Donc en quoi ce couvre-feu vient-il nous brimer au point d’en faire tout un plat? Notre sacra sainte « libârté » une fois de plus atteinte certains diront, mais cette fois-ci déguisée en un épisode du « masque 2.0. » Respirons par le nez, le masque bien dessus de préférence.

Outre une rage soudaine de chips à 20 h 30 qui nous est désormais impossible d’assouvir pour les quatre prochaines semaines en débarquant à l’épicerie en culotte de pyjama, il n’y a rien de bien offusquant avec ce couvre-feu. Seul le visionnement en rafale de votre dernière série préférée sur Netflix risque d’être plus fade, et ça, ce n’est pas toujours la faute du manque de grignotines dans le garde-manger…

S’encabaner

Si le confinement est le verrou sur la porte qui doit nous garder chez nous depuis des mois afin de limiter nos déplacements et nos rassemblements, le couvre-feu et ses amendes salés aux contrevenants ne sont que la clé qui s’assure que nous sommes bien encabanés.

Sauf peut-être quelques exceptions, s’encabaner n’a rien de nouveau pour la grande majorité des Québécois à ce temps-ci de l’année. La plupart du temps, l’homo-québécus pratique l’encabanement de façon volontaire. La présence de la télévision n’a fait qu’accentuer ce processus quelque part entre survie et hibernation.

Souvenez-vous les années Star Académie : les restaurateurs étaient nombreux à confier que les dimanches soirs étaient étrangement tranquilles quand l’émission ralliait quelques 3 millions de téléspectateurs par semaine. Ceux qui osaient sortir pressaient les serveurs de les faire manger et payer avant 19 h 30, question de ne rien manquer du gala dominical.

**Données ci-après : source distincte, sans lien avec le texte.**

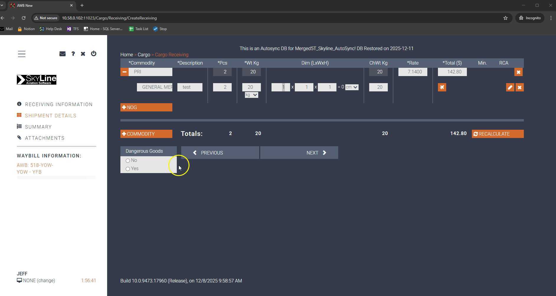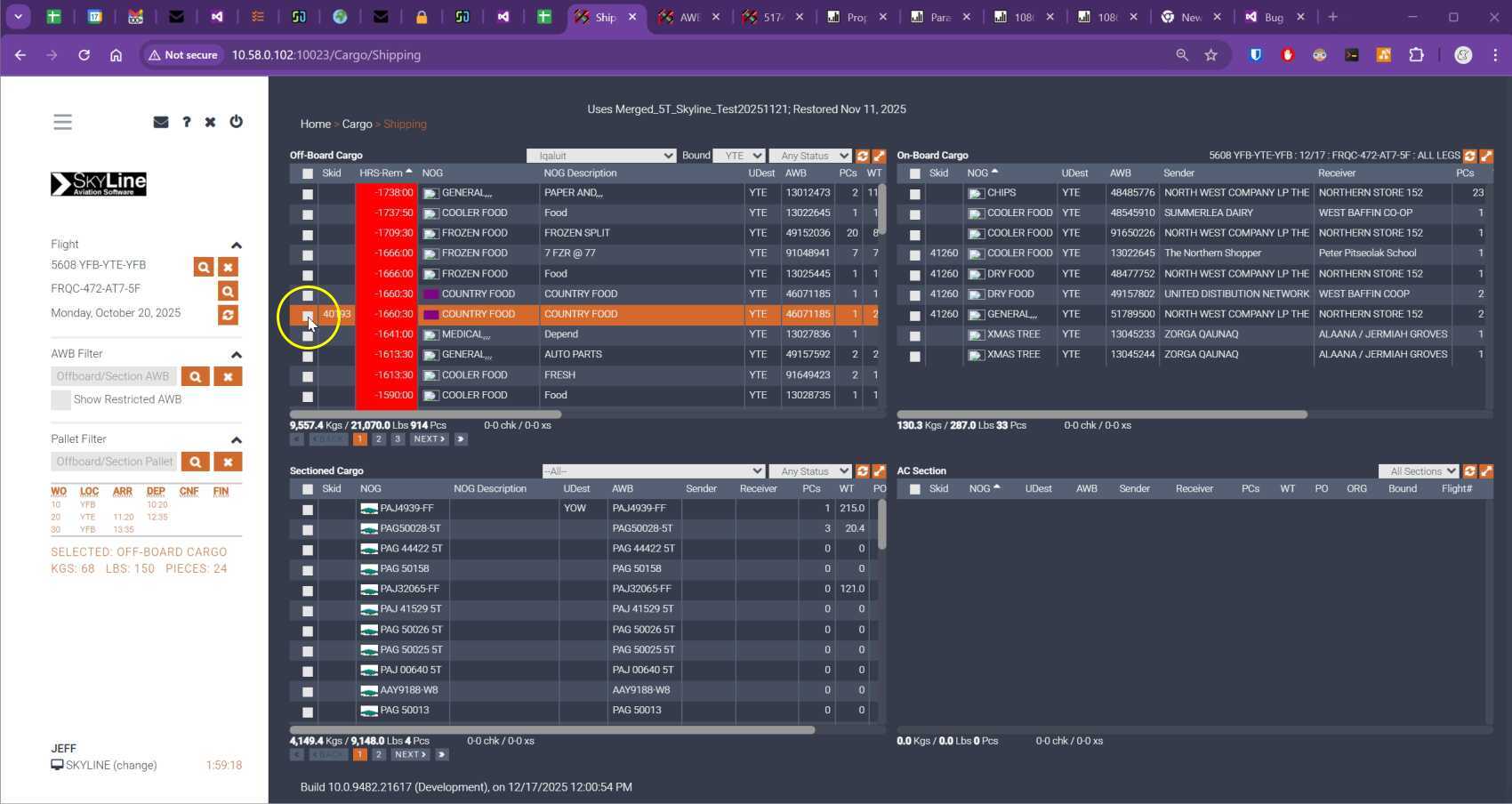 cargo calculate on weight change

Une nouvelle cuvée doit justement reprendre du service dès le 14 février, une semaine après la fin du couvre-feu. On verra bien à ce moment si les promenades de fin de soirée impromptues avec pitou sont soudainement redevenues si vitales.

Mesures inhabituelles

Là où ce couvre-feu fait mal, c’est qu’il s’ajoute à une série d’autres mesures inhabituellement coercitives pour une société démocratique comme la nôtre. Au final, ce n’est pas l’envie de sortir dans la rue à 20 h qui est maintenant plus forte, mais l’interdiction de le faire qui rend la chose soudainement plus excitante et extraordinaire. Ça se comprend. Après des mois de confinement et un sentiment répandu de privations quotidiennes – on est pourtant loin d’être au tiers-monde —, même les choses les plus banales prennent désormais une importance démesurée.